Please restate each line of the data below exactly. Omit all images.

++++++++++

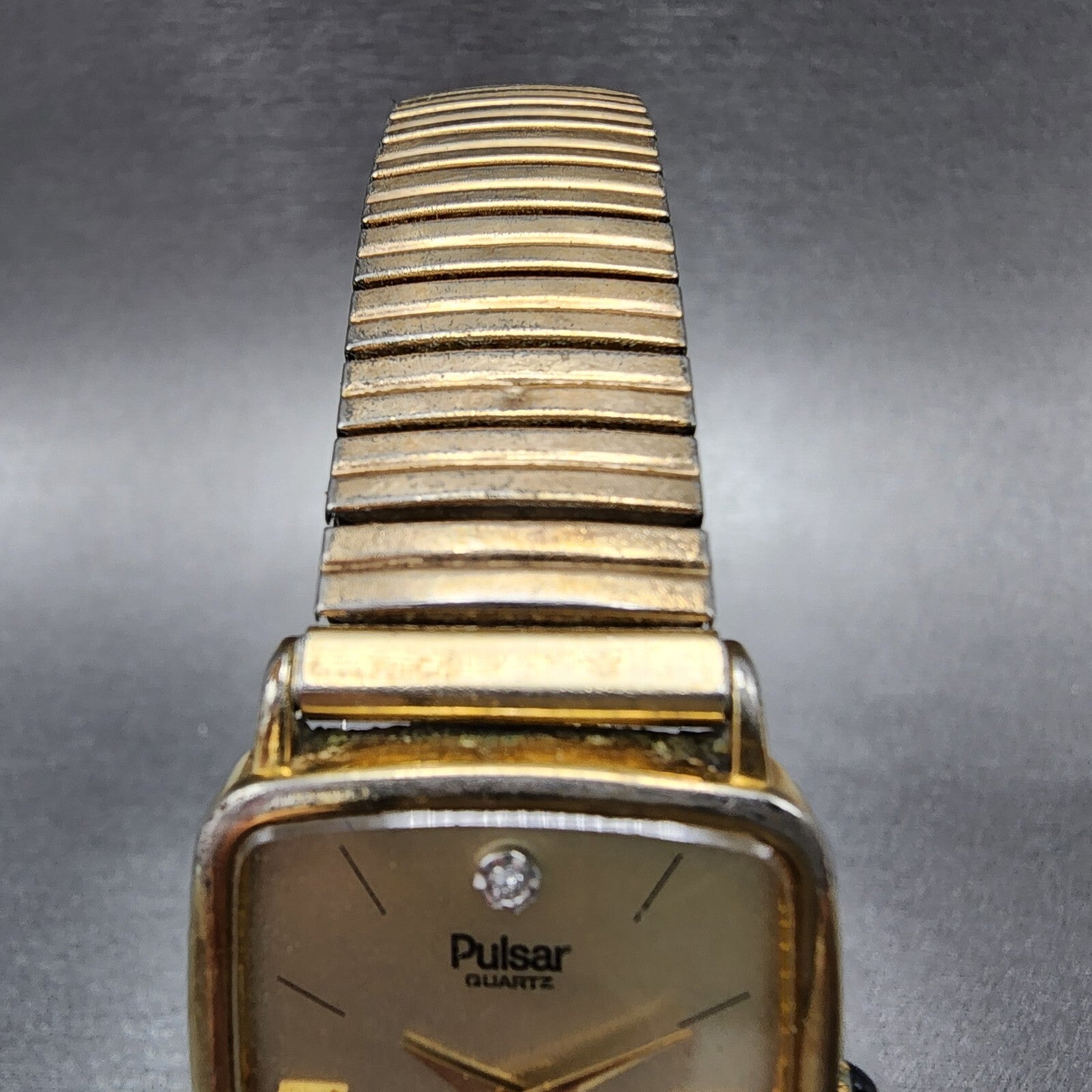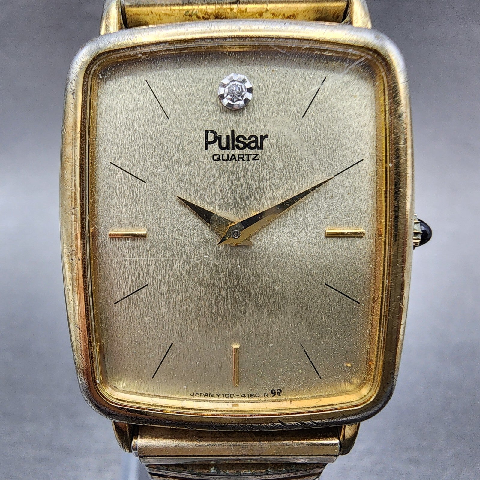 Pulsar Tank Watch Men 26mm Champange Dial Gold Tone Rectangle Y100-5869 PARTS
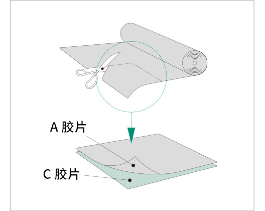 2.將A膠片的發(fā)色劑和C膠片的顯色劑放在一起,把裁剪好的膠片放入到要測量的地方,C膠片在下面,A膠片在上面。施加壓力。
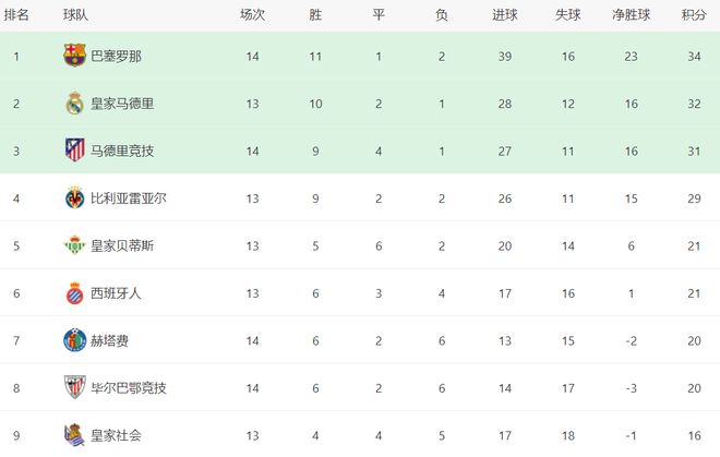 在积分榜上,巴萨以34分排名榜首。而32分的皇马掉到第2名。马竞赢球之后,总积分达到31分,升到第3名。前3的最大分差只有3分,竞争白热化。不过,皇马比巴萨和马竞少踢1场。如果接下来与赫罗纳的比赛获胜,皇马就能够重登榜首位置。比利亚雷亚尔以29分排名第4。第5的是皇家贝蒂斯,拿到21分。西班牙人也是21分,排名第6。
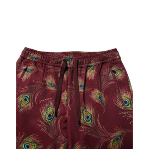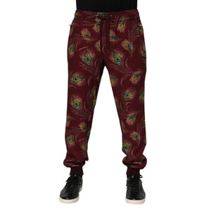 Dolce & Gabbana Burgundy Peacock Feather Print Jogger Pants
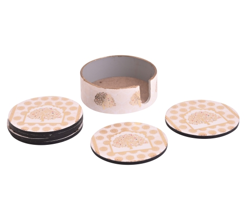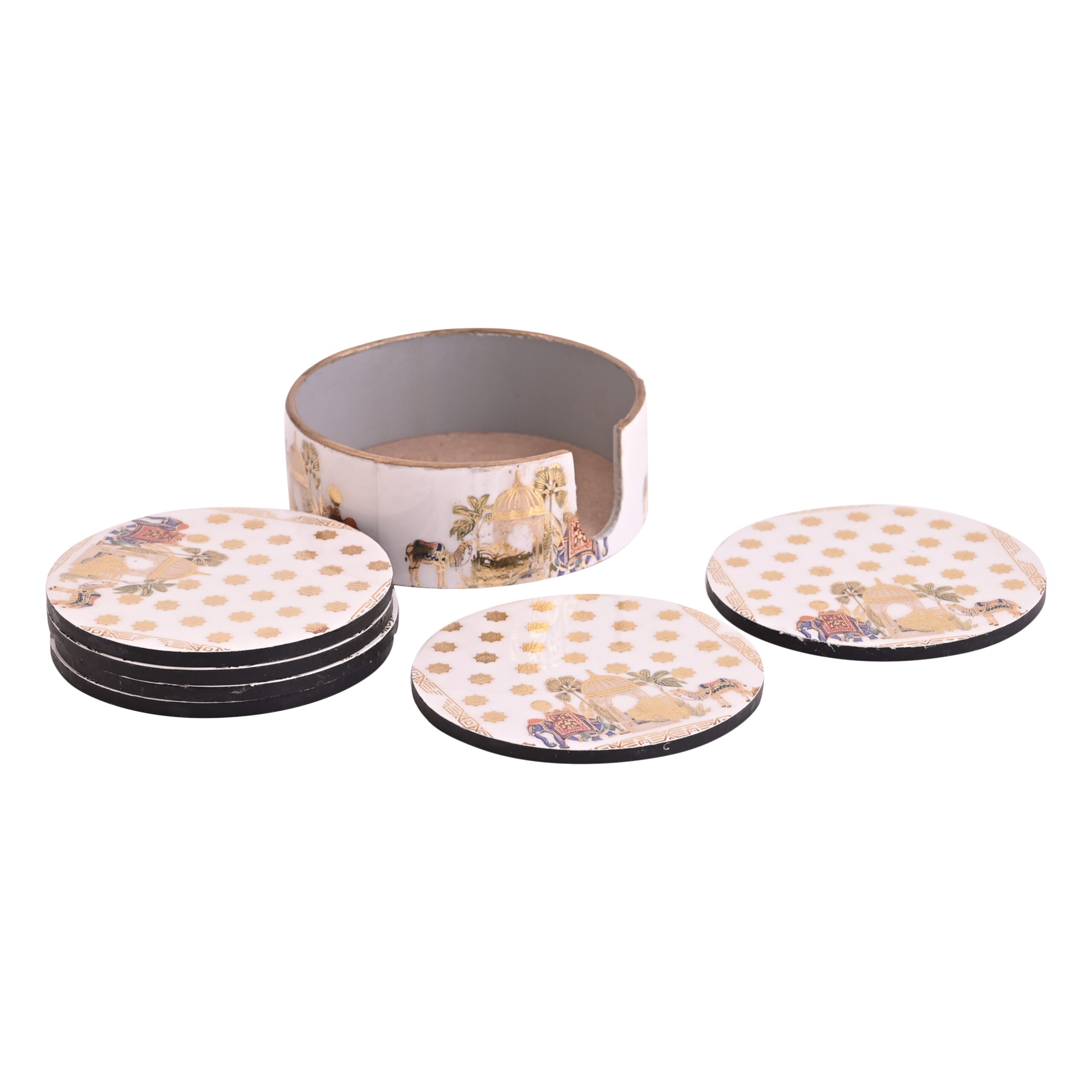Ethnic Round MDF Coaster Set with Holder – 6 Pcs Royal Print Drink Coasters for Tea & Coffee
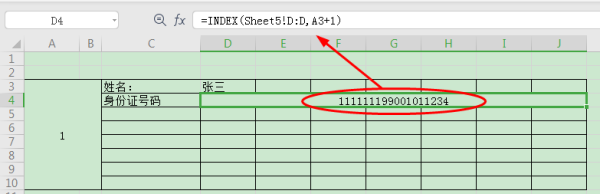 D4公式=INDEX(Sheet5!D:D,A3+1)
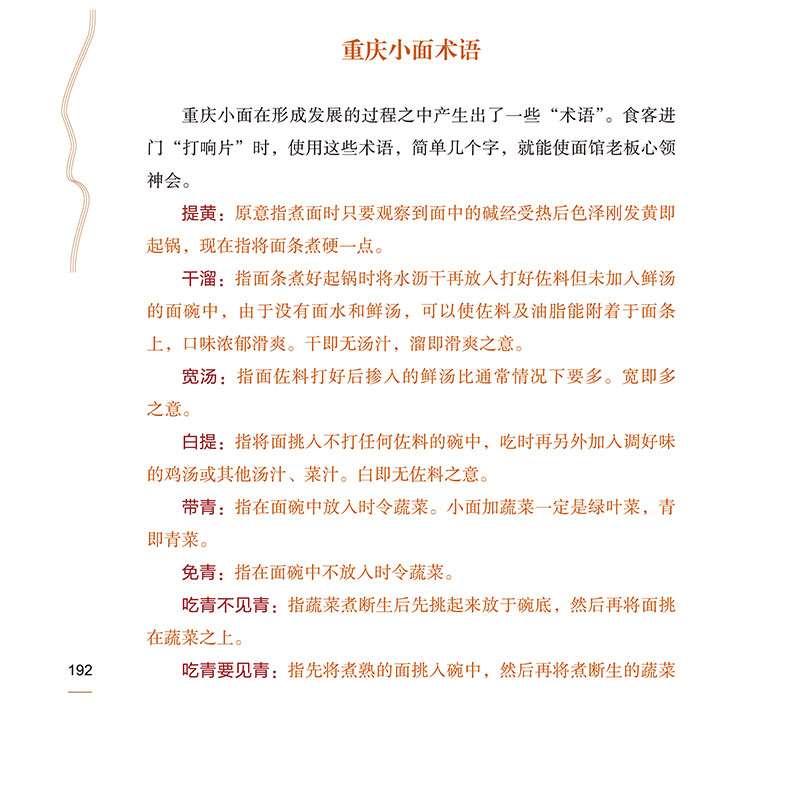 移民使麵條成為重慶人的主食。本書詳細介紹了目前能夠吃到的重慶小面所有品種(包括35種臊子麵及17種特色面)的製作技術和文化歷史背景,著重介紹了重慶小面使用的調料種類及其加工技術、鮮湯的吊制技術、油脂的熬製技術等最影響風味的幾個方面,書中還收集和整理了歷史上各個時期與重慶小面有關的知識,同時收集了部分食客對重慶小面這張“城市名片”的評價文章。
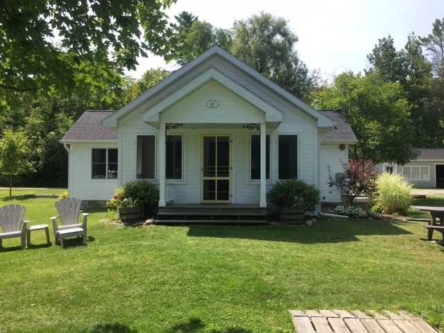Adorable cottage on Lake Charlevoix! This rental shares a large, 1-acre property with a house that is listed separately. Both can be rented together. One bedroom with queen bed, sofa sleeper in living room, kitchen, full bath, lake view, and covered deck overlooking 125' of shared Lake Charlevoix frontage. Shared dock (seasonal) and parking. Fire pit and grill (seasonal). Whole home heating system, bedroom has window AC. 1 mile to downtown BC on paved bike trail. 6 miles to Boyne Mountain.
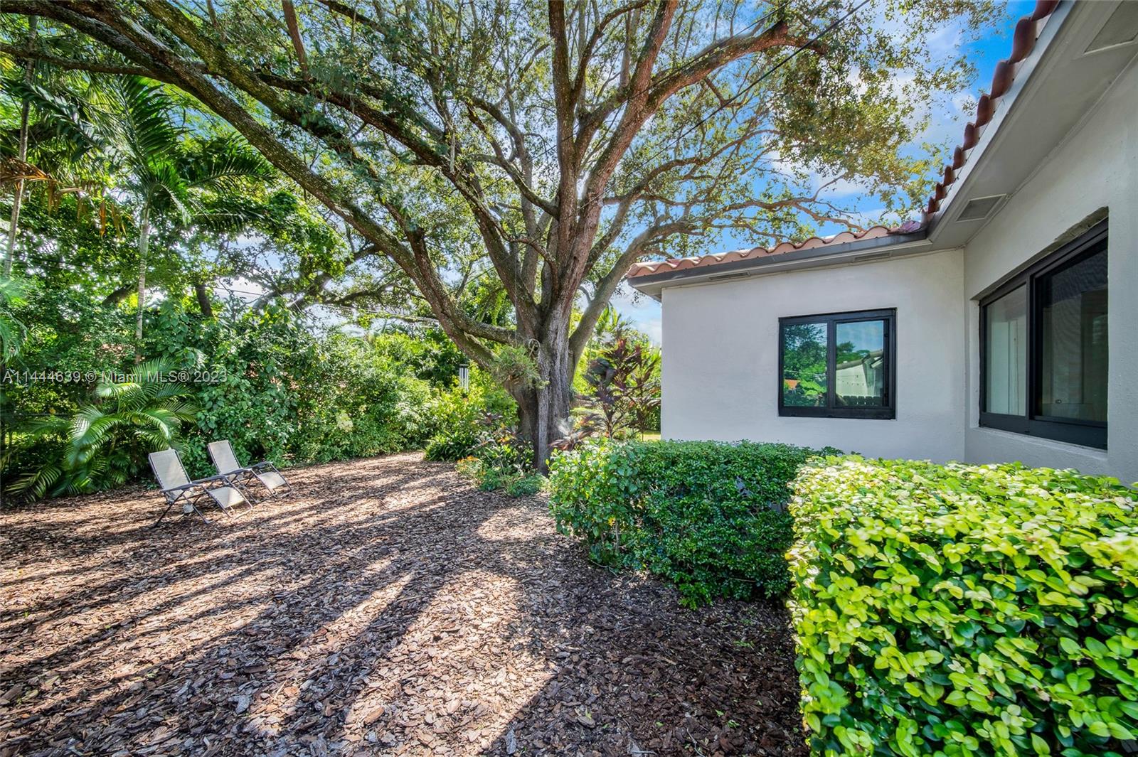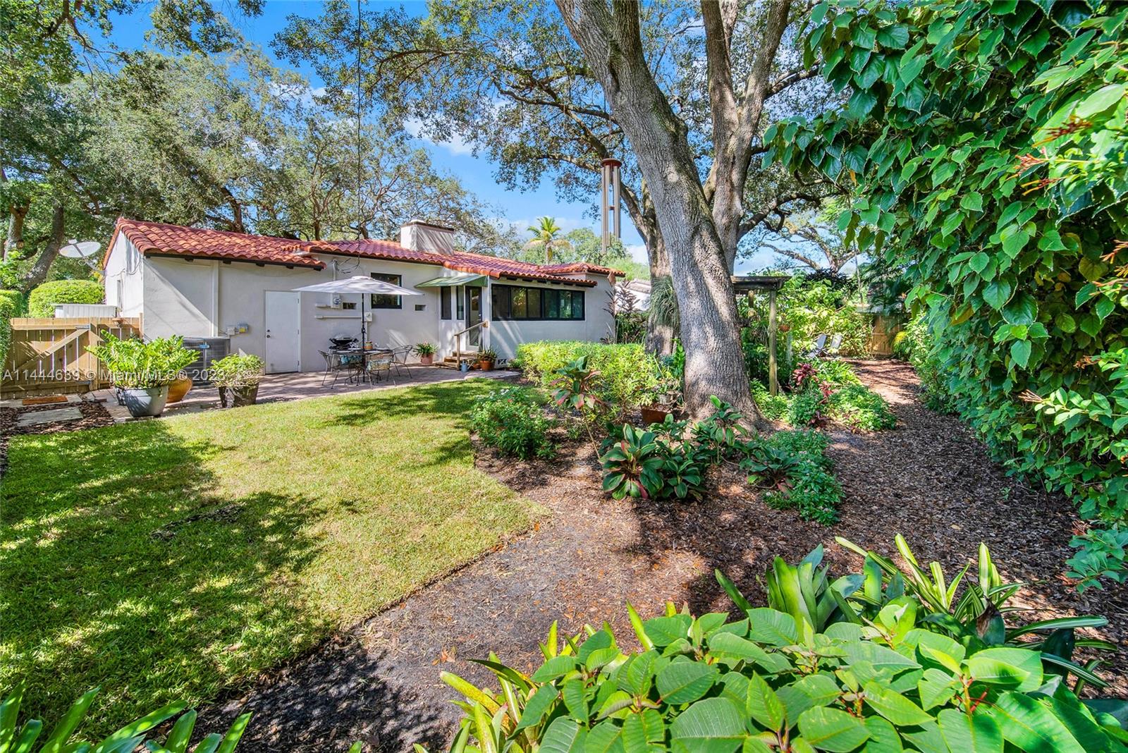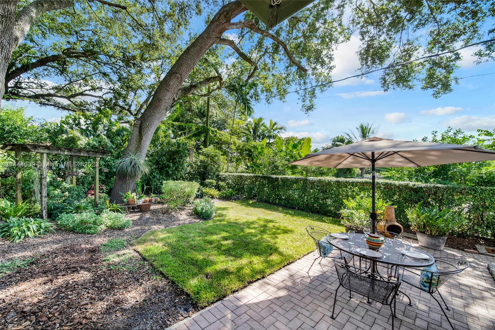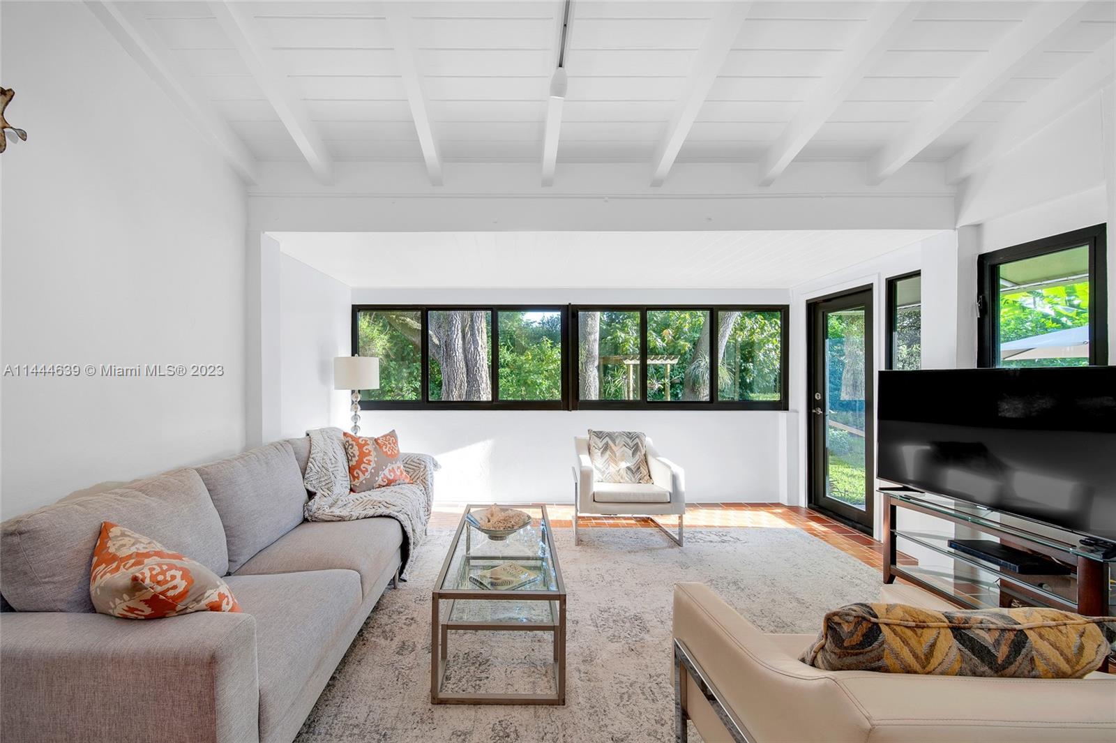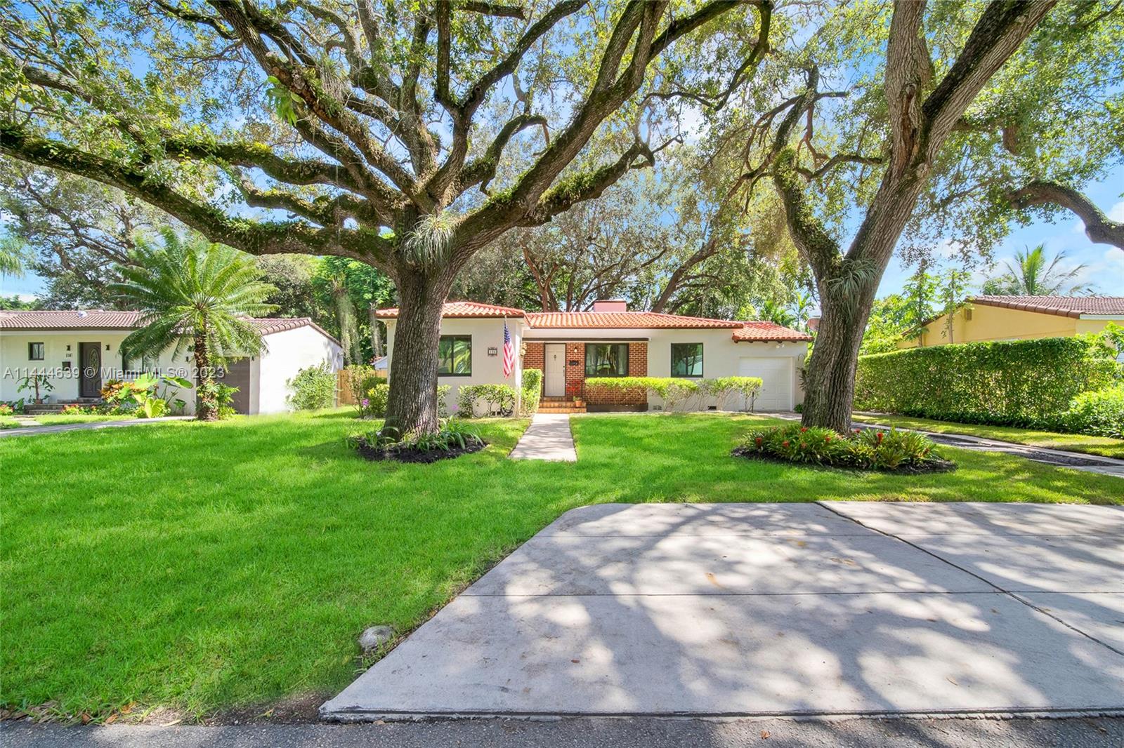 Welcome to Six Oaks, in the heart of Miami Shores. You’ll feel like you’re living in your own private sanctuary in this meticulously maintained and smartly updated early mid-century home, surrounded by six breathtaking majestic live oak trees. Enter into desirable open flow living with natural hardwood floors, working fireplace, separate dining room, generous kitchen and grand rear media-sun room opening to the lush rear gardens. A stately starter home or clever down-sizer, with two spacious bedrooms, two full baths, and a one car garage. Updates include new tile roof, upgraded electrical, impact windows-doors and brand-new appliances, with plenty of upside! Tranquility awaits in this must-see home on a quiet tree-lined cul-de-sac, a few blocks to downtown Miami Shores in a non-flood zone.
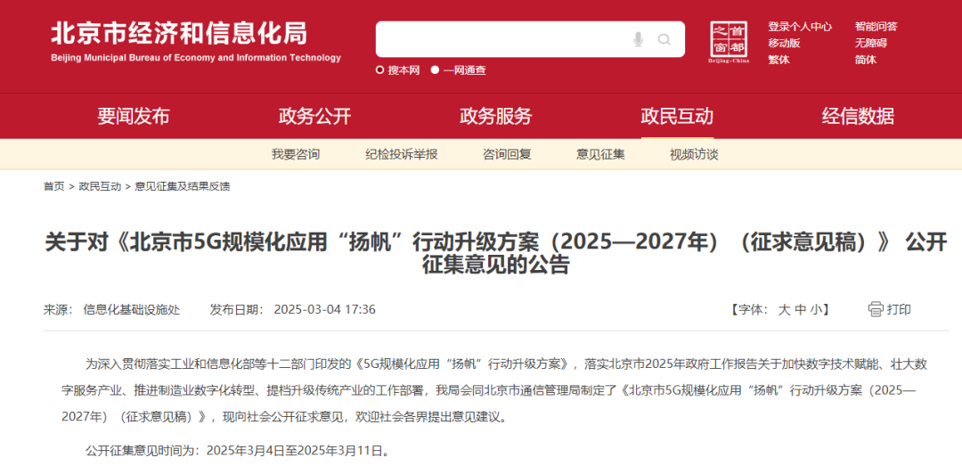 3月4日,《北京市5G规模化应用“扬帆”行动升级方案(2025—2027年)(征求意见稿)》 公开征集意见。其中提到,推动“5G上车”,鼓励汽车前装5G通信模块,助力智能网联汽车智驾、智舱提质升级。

++++++++++

- _Exercise result_:
 Pulsar Tank Watch Men 26mm Champange Dial Gold Tone Rectangle Y100-5869 PARTS
 2.將A膠片的發(fā)色劑和C膠片的顯色劑放在一起,把裁剪好的膠片放入到要測量的地方,C膠片在下面,A膠片在上面。施加壓力。
 在积分榜上,巴萨以34分排名榜首。而32分的皇马掉到第2名。马竞赢球之后,总积分达到31分,升到第3名。前3的最大分差只有3分,竞争白热化。不过,皇马比巴萨和马竞少踢1场。如果接下来与赫罗纳的比赛获胜,皇马就能够重登榜首位置。比利亚雷亚尔以29分排名第4。第5的是皇家贝蒂斯,拿到21分。西班牙人也是21分,排名第6。
 Dolce & Gabbana Burgundy Peacock Feather Print Jogger Pants
Ethnic Round MDF Coaster Set with Holder – 6 Pcs Royal Print Drink Coasters for Tea & Coffee
 D4公式=INDEX(Sheet5!D:D,A3+1)
 移民使麵條成為重慶人的主食。本書詳細介紹了目前能夠吃到的重慶小面所有品種(包括35種臊子麵及17種特色面)的製作技術和文化歷史背景,著重介紹了重慶小面使用的調料種類及其加工技術、鮮湯的吊制技術、油脂的熬製技術等最影響風味的幾個方面,書中還收集和整理了歷史上各個時期與重慶小面有關的知識,同時收集了部分食客對重慶小面這張“城市名片”的評價文章。
Adorable cottage on Lake Charlevoix! This rental shares a large, 1-acre property with a house that is listed separately. Both can be rented together. One bedroom with queen bed, sofa sleeper in living room, kitchen, full bath, lake view, and covered deck overlooking 125' of shared Lake Charlevoix frontage. Shared dock (seasonal) and parking. Fire pit and grill (seasonal). Whole home heating system, bedroom has window AC. 1 mile to downtown BC on paved bike trail. 6 miles to Boyne Mountain.
 Welcome to Six Oaks, in the heart of Miami Shores. You’ll feel like you’re living in your own private sanctuary in this meticulously maintained and smartly updated early mid-century home, surrounded by six breathtaking majestic live oak trees. Enter into desirable open flow living with natural hardwood floors, working fireplace, separate dining room, generous kitchen and grand rear media-sun room opening to the lush rear gardens. A stately starter home or clever down-sizer, with two spacious bedrooms, two full baths, and a one car garage. Updates include new tile roof, upgraded electrical, impact windows-doors and brand-new appliances, with plenty of upside! Tranquility awaits in this must-see home on a quiet tree-lined cul-de-sac, a few blocks to downtown Miami Shores in a non-flood zone.
 3月4日,《北京市5G规模化应用“扬帆”行动升级方案(2025—2027年)(征求意见稿)》 公开征集意见。其中提到,推动“5G上车”,鼓励汽车前装5G通信模块,助力智能网联汽车智驾、智舱提质升级。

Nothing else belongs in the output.